══ Supplied records ══
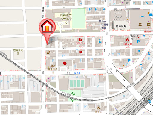 JR山陽本線「岡山駅」徒歩8分 JR伯備線「岡山駅」徒歩8分 東山線「西川緑道公園駅」徒歩17分 |
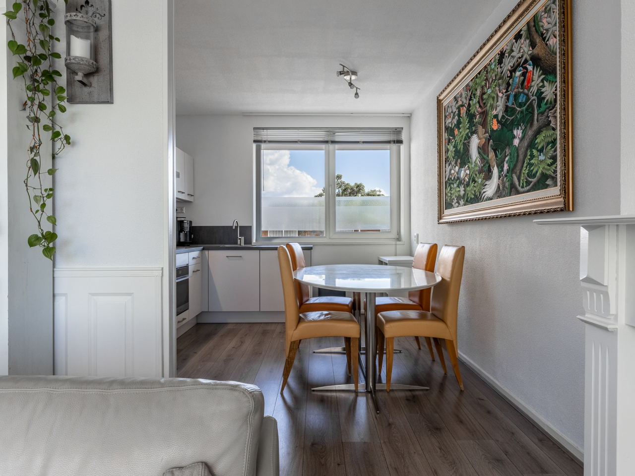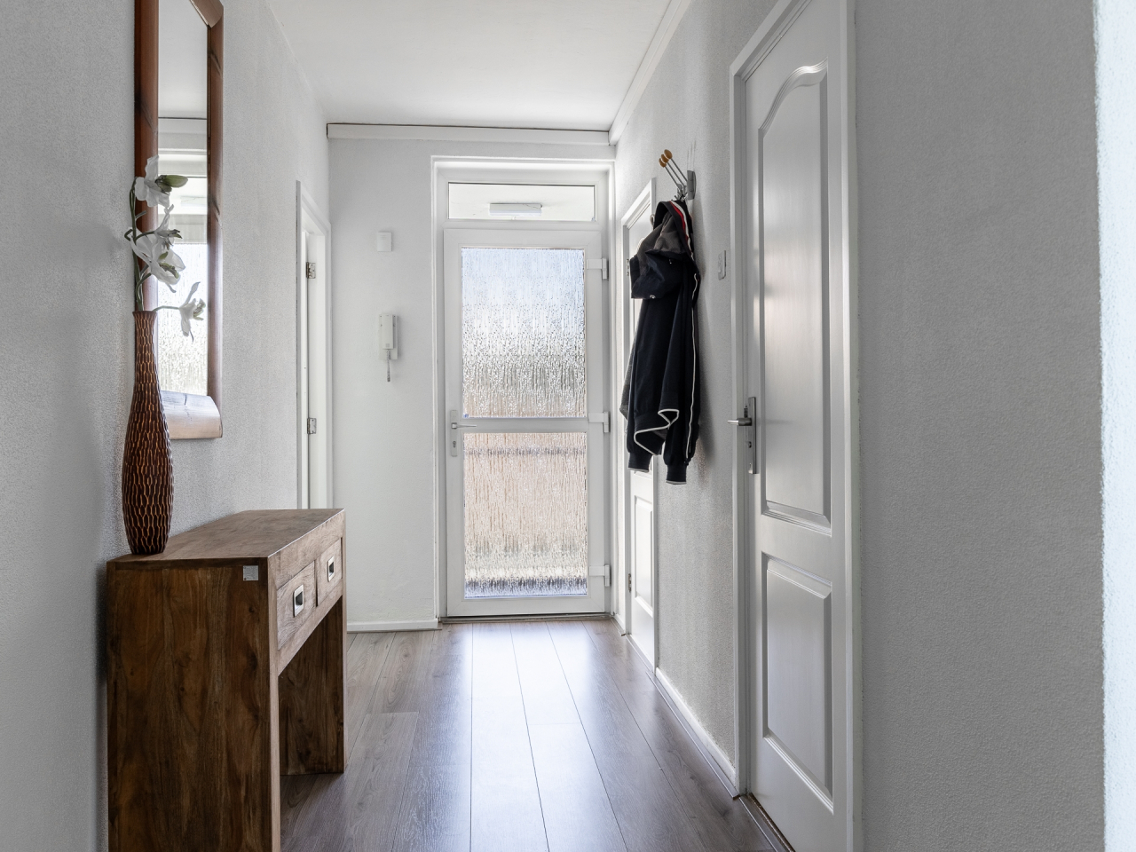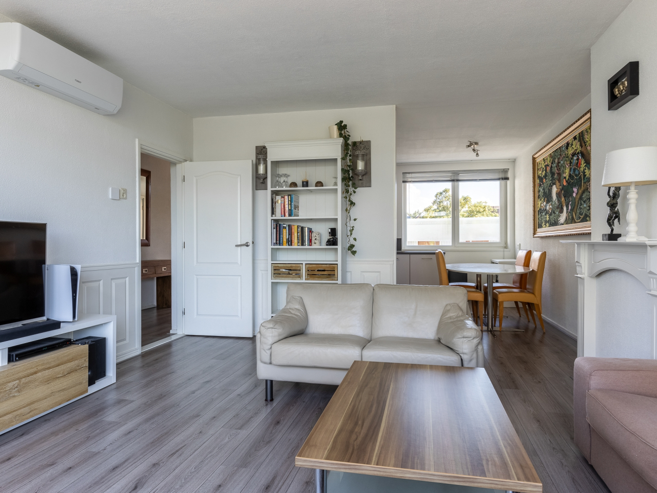 De entree met ruime hal biedt toegang tot alle vertrekken. De woonkamer met open keuken is in lichte kleurstelling uitgevoerd en beschikt over een mooie laminaatvloer, chique lambrisering, een schouw en een grote raampartij waardoor er voldoende daglicht aanwezig is. Tevens is er een weids uitzicht aan de voorzijde van het appartement. Als bonus heeft de woonkamer ook nog airconditioning. Heerlijk tijdens de warme dagen. De woonkamer biedt toegang tot het balkon, dat op het noorden gelegen is.
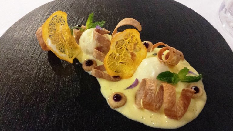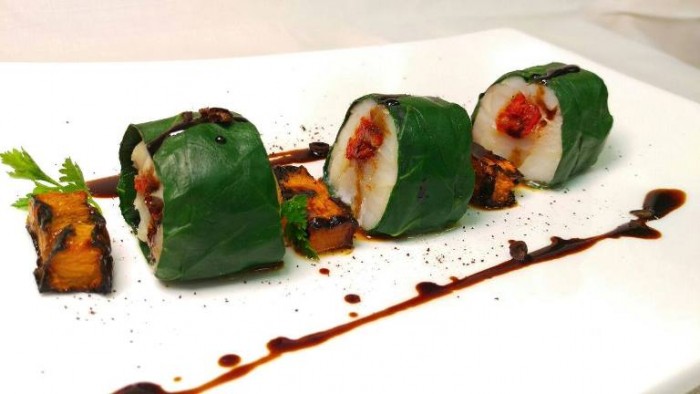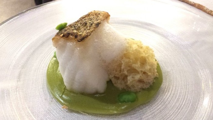 Invece nell’ambito dei secondi di mare si può assaggiare il sushi di baccalà, interpretazione mediterranea di una preparazione tipica giapponese, o il merluzzo ‘Mero’, una specie proveniente dalla zona Antartica, su base di vellutata di fave cotte e crude, lardo, sentore di rosmarino e cannella, servito con spugna di cipolla ramata e aria al pecorino.
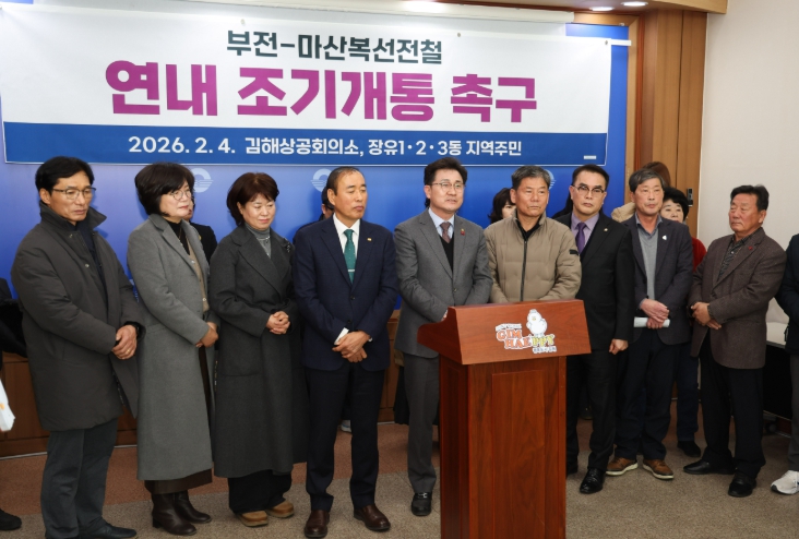 [메이저뉴스]김해시 상공계와 시민들은 4일 오전 11시 김해시청 브리핑룸에서 부전-마산복선전철의 연내 조기 개통을 강력 촉구했다.
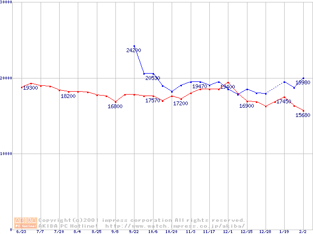 | [↓次グラフ]: | Slot 1 (SECC2,FSB 133MHz,L2 256KB)の最安値推移 |
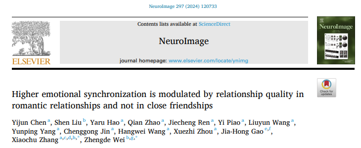 7月20日,神经影像学权威期刊NeuroImage在线发表了中国科学技术大学心理学系韦正德特任副研究员和张效初教授合作的题为“Higher emotional synchronization is modulated by relationship quality in romantic relationships and not in close friendships”的文章。该研究揭示了浪漫关系质量与情感同步之间的神经机制联系,为情感神经科学领域提供了新的视角和思路。
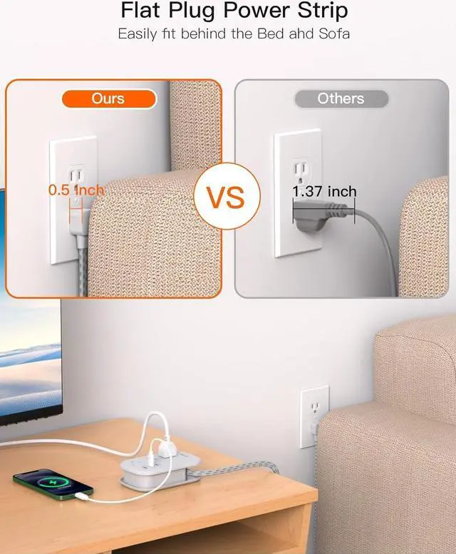 Space Saving Flat PlugWith only 0.5 -inch ultra slim design, flat wall plug is much thinner than traditional plugs, which can close to the wall easily, and hide in the back of furniture, bed, or refrigerator, no waste for outlet and space.
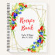 This beautiful and elegant recipe book features watercolor blueberries, strawberries, redberries and foliage on a gold geometric frame. The text combines handwritten script and serif fonts for a stylish and modern look. This makes a great wedding or bridal shower gift, a gift for someone special or for your own use in your kitchen.
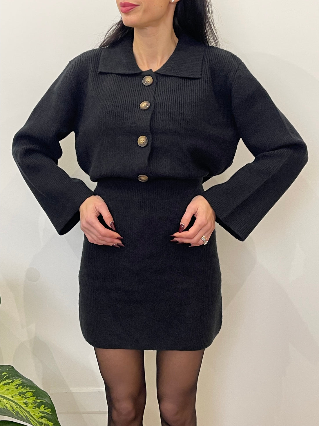 Coordinato composto da: cardigan, lunghezza basic, con bottoni marroni e dalla gonna. Tessuto elasticizzato e...
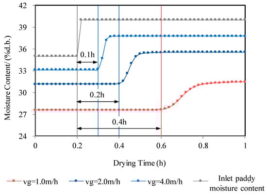 On the other hand, the unique material properties of paddy make its deep-bed drying process different from that of vegetables, fruits, and other agricultural products. It should be noted that the significant time delay characteristic of drying systems poses an important challenge in designing a paddy drying controller [,]. Although the controller designed for the multistage counter-flow dryer can achieve accurate process regulation, the adjustment time is excessively long, possibly exceeding 6 h. Figure 14 illustrates the transient response characteristics of paddy drying with step changes in grain moisture content at different paddy flow velocities, focusing on a single drying stage mentioned in Section 4.1. The figure shows that when the drying time is 0.2 h, the paddy moisture content jumps from 35% d.b. to 40% d.b., and the system transitions from one steady-state point to another, with a delay before the output begins to respond. For a paddy flow velocity of 1 m/h, the delay time is 0.4 h, the time for paddy to flow within the layer is 0.5 h, and the transition time is 0.6 h. Increasing the paddy flow velocity to 2 m/h reduces the delay time to 0.2 h, the flow time within the layer to 0.25 h, and the transition time to 0.3 h. Similarly, a paddy flow velocity of 4 m/h further decreases the delay time to 0.1 h, the flow time within the layer to 0.125 h, and the transition time to 0.15 h. In the step change process of grain moisture input, the transition time is greater than the flow time, which in turn is greater than the delay time. Additionally, higher paddy flow velocities require shorter delay and transition times. This analysis reveals that the flow-layer drying system exhibits pure lag characteristics, where information propagation is influenced by the time it takes for paddy to pass through the drying layer. Slower paddy flow velocities result in slower information propagation and longer system output delays. Relying solely on output feedback control for a system with pure lag characteristics leads to a significant overshoot, longer adjustment time, and poor control performance []. These findings align with previous studies that concluded that output feedback PID controllers [,] are not suitable for deep-bed flow-layer drying systems.
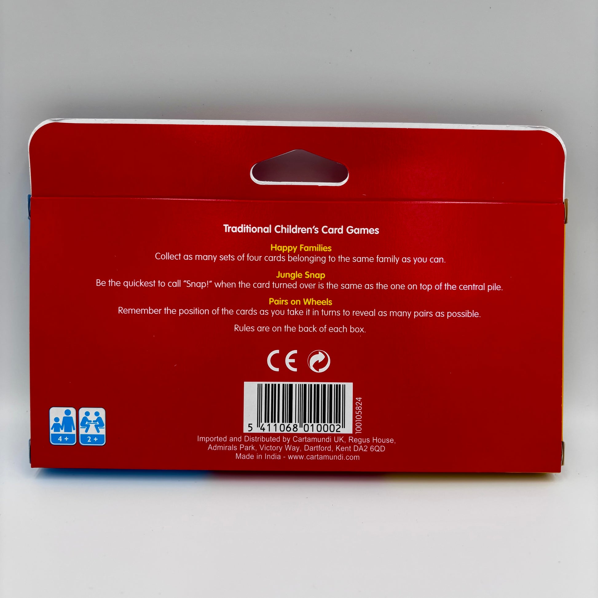 The Children's 3 Card Game Pack by Cartamundi includes Jungle Snap, Pairs on Wheels, and Happy Families. These card games are designed for children and offer a fun and interactive way to play. With colourful and engaging designs, these games are sure to provide hours of entertainment for kids of all ages. Perfect for parties, family game nights, or simply for a leisurely game at home, this pack of card games is a great addition to any child's toy collection.
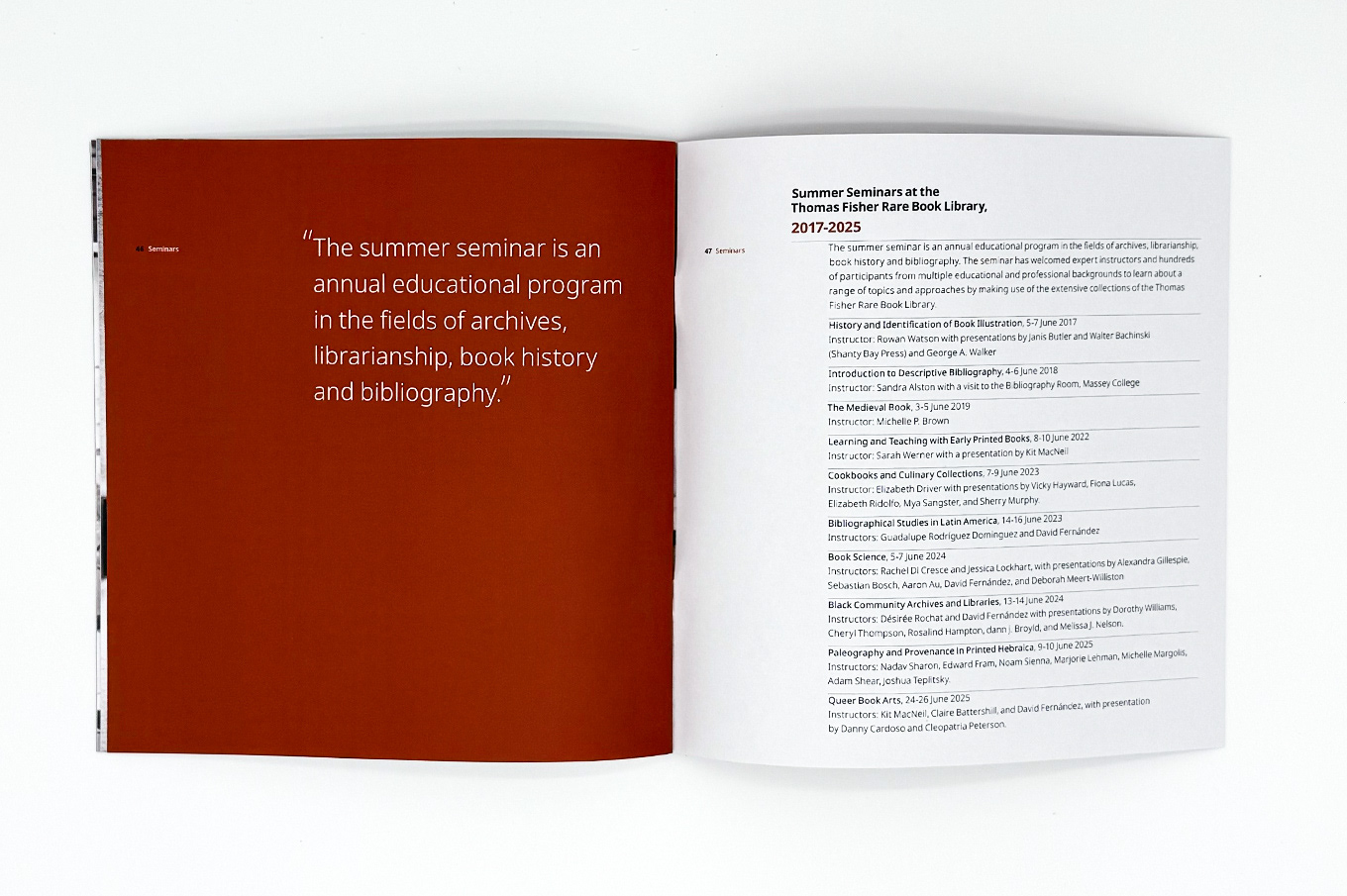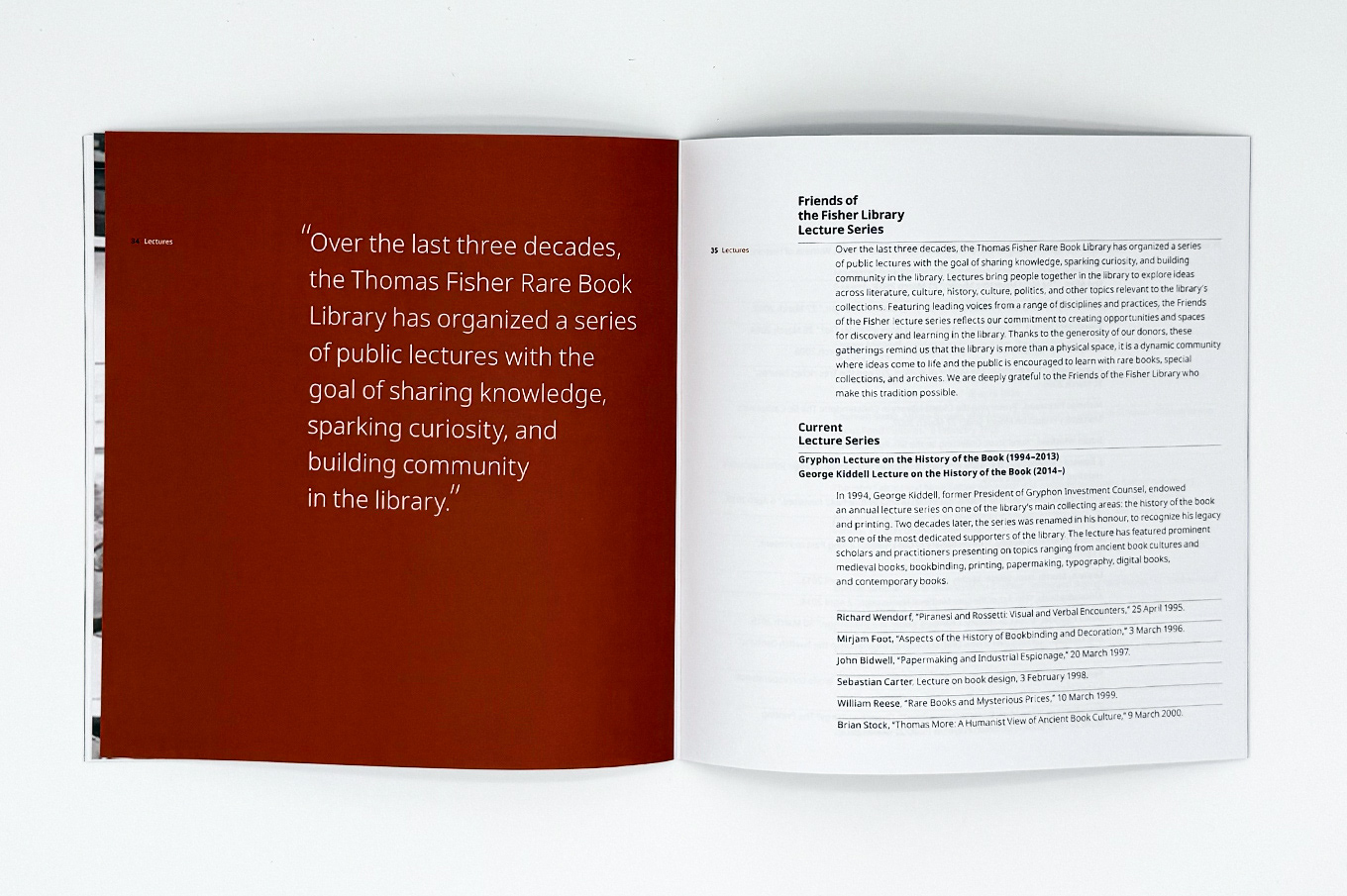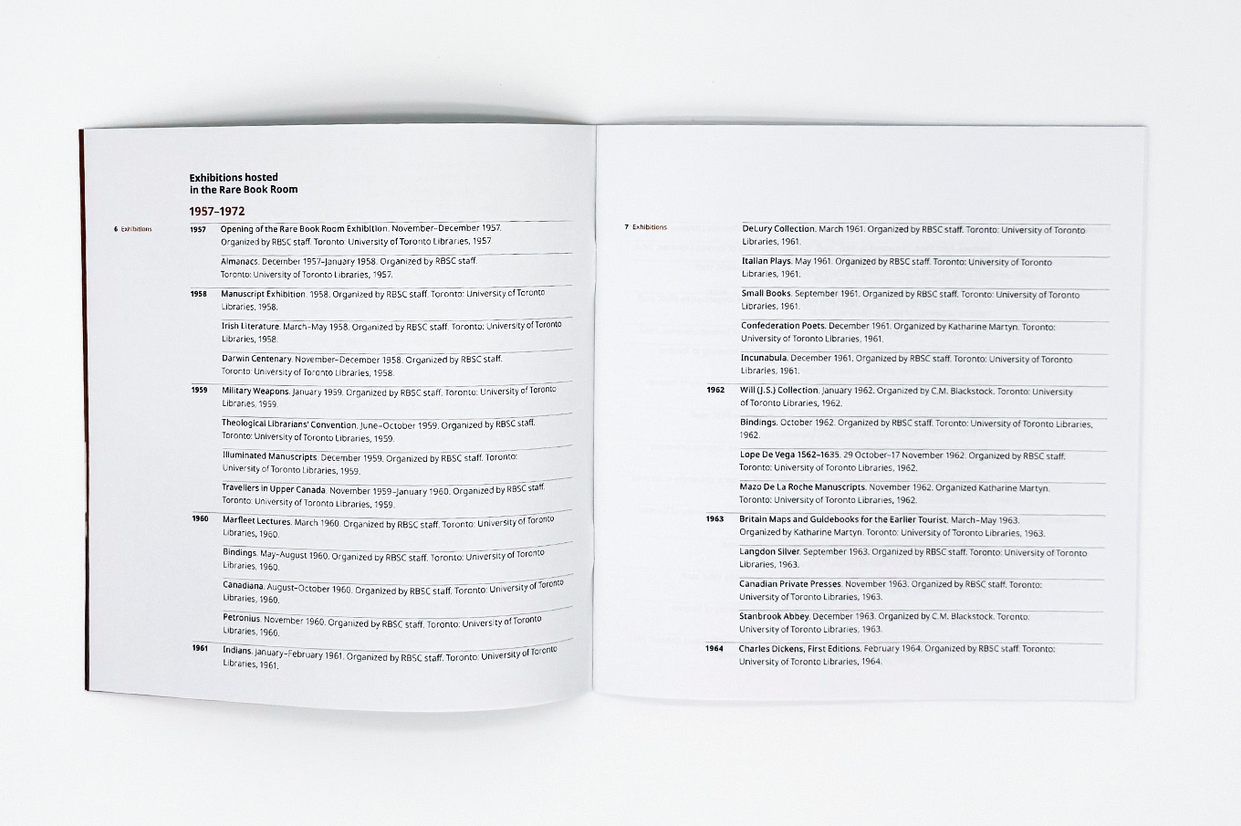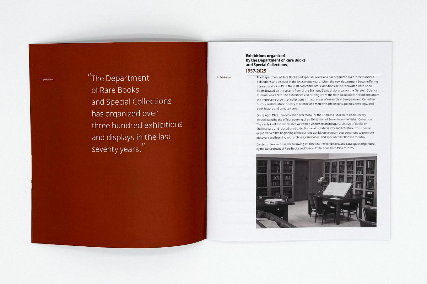 This booklet lists the Exhibitions, Lectures, and Seminars organized by the Department of Rare Books and Special Collections in the last 70 years.
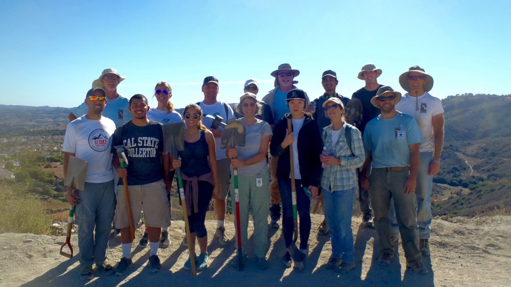 Thanks to all of the volunteers who came out on November 21st to help us on the 5 Oaks Trail in Aliso & Wood Canyons Wilderness Park! We had a good-sized group due to the folks from 52 Hikes and Cal State Fullerton supplementing some of our usual suspects, and we got a lot of great work done, despite the very warm temperatures.
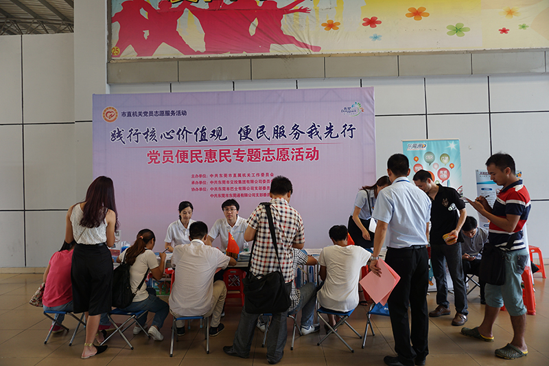 2015年6月17日,?;⒎止鹃_展“黨員聯(lián)群眾”服務(wù)點(diǎn)“,黨員到莞樟路站進(jìn)行服務(wù)。
═══
* [About this exercise] Please reproduce the entries above exactly, omitting every picture.

* [Solution to this problem]
 JR山陽本線「岡山駅」徒歩8分 JR伯備線「岡山駅」徒歩8分 東山線「西川緑道公園駅」徒歩17分 |
 De entree met ruime hal biedt toegang tot alle vertrekken. De woonkamer met open keuken is in lichte kleurstelling uitgevoerd en beschikt over een mooie laminaatvloer, chique lambrisering, een schouw en een grote raampartij waardoor er voldoende daglicht aanwezig is. Tevens is er een weids uitzicht aan de voorzijde van het appartement. Als bonus heeft de woonkamer ook nog airconditioning. Heerlijk tijdens de warme dagen. De woonkamer biedt toegang tot het balkon, dat op het noorden gelegen is.
 Invece nell’ambito dei secondi di mare si può assaggiare il sushi di baccalà, interpretazione mediterranea di una preparazione tipica giapponese, o il merluzzo ‘Mero’, una specie proveniente dalla zona Antartica, su base di vellutata di fave cotte e crude, lardo, sentore di rosmarino e cannella, servito con spugna di cipolla ramata e aria al pecorino.
 [메이저뉴스]김해시 상공계와 시민들은 4일 오전 11시 김해시청 브리핑룸에서 부전-마산복선전철의 연내 조기 개통을 강력 촉구했다.
 | [↓次グラフ]: | Slot 1 (SECC2,FSB 133MHz,L2 256KB)の最安値推移 |
 7月20日,神经影像学权威期刊NeuroImage在线发表了中国科学技术大学心理学系韦正德特任副研究员和张效初教授合作的题为“Higher emotional synchronization is modulated by relationship quality in romantic relationships and not in close friendships”的文章。该研究揭示了浪漫关系质量与情感同步之间的神经机制联系,为情感神经科学领域提供了新的视角和思路。
 Space Saving Flat PlugWith only 0.5 -inch ultra slim design, flat wall plug is much thinner than traditional plugs, which can close to the wall easily, and hide in the back of furniture, bed, or refrigerator, no waste for outlet and space.
 This beautiful and elegant recipe book features watercolor blueberries, strawberries, redberries and foliage on a gold geometric frame. The text combines handwritten script and serif fonts for a stylish and modern look. This makes a great wedding or bridal shower gift, a gift for someone special or for your own use in your kitchen.
 Coordinato composto da: cardigan, lunghezza basic, con bottoni marroni e dalla gonna. Tessuto elasticizzato e...
 On the other hand, the unique material properties of paddy make its deep-bed drying process different from that of vegetables, fruits, and other agricultural products. It should be noted that the significant time delay characteristic of drying systems poses an important challenge in designing a paddy drying controller [,]. Although the controller designed for the multistage counter-flow dryer can achieve accurate process regulation, the adjustment time is excessively long, possibly exceeding 6 h. Figure 14 illustrates the transient response characteristics of paddy drying with step changes in grain moisture content at different paddy flow velocities, focusing on a single drying stage mentioned in Section 4.1. The figure shows that when the drying time is 0.2 h, the paddy moisture content jumps from 35% d.b. to 40% d.b., and the system transitions from one steady-state point to another, with a delay before the output begins to respond. For a paddy flow velocity of 1 m/h, the delay time is 0.4 h, the time for paddy to flow within the layer is 0.5 h, and the transition time is 0.6 h. Increasing the paddy flow velocity to 2 m/h reduces the delay time to 0.2 h, the flow time within the layer to 0.25 h, and the transition time to 0.3 h. Similarly, a paddy flow velocity of 4 m/h further decreases the delay time to 0.1 h, the flow time within the layer to 0.125 h, and the transition time to 0.15 h. In the step change process of grain moisture input, the transition time is greater than the flow time, which in turn is greater than the delay time. Additionally, higher paddy flow velocities require shorter delay and transition times. This analysis reveals that the flow-layer drying system exhibits pure lag characteristics, where information propagation is influenced by the time it takes for paddy to pass through the drying layer. Slower paddy flow velocities result in slower information propagation and longer system output delays. Relying solely on output feedback control for a system with pure lag characteristics leads to a significant overshoot, longer adjustment time, and poor control performance []. These findings align with previous studies that concluded that output feedback PID controllers [,] are not suitable for deep-bed flow-layer drying systems.
 The Children's 3 Card Game Pack by Cartamundi includes Jungle Snap, Pairs on Wheels, and Happy Families. These card games are designed for children and offer a fun and interactive way to play. With colourful and engaging designs, these games are sure to provide hours of entertainment for kids of all ages. Perfect for parties, family game nights, or simply for a leisurely game at home, this pack of card games is a great addition to any child's toy collection.
 This booklet lists the Exhibitions, Lectures, and Seminars organized by the Department of Rare Books and Special Collections in the last 70 years.
 Thanks to all of the volunteers who came out on November 21st to help us on the 5 Oaks Trail in Aliso & Wood Canyons Wilderness Park! We had a good-sized group due to the folks from 52 Hikes and Cal State Fullerton supplementing some of our usual suspects, and we got a lot of great work done, despite the very warm temperatures.
 2015年6月17日,?;⒎止鹃_展“黨員聯(lián)群眾”服務(wù)點(diǎn)“,黨員到莞樟路站進(jìn)行服務(wù)。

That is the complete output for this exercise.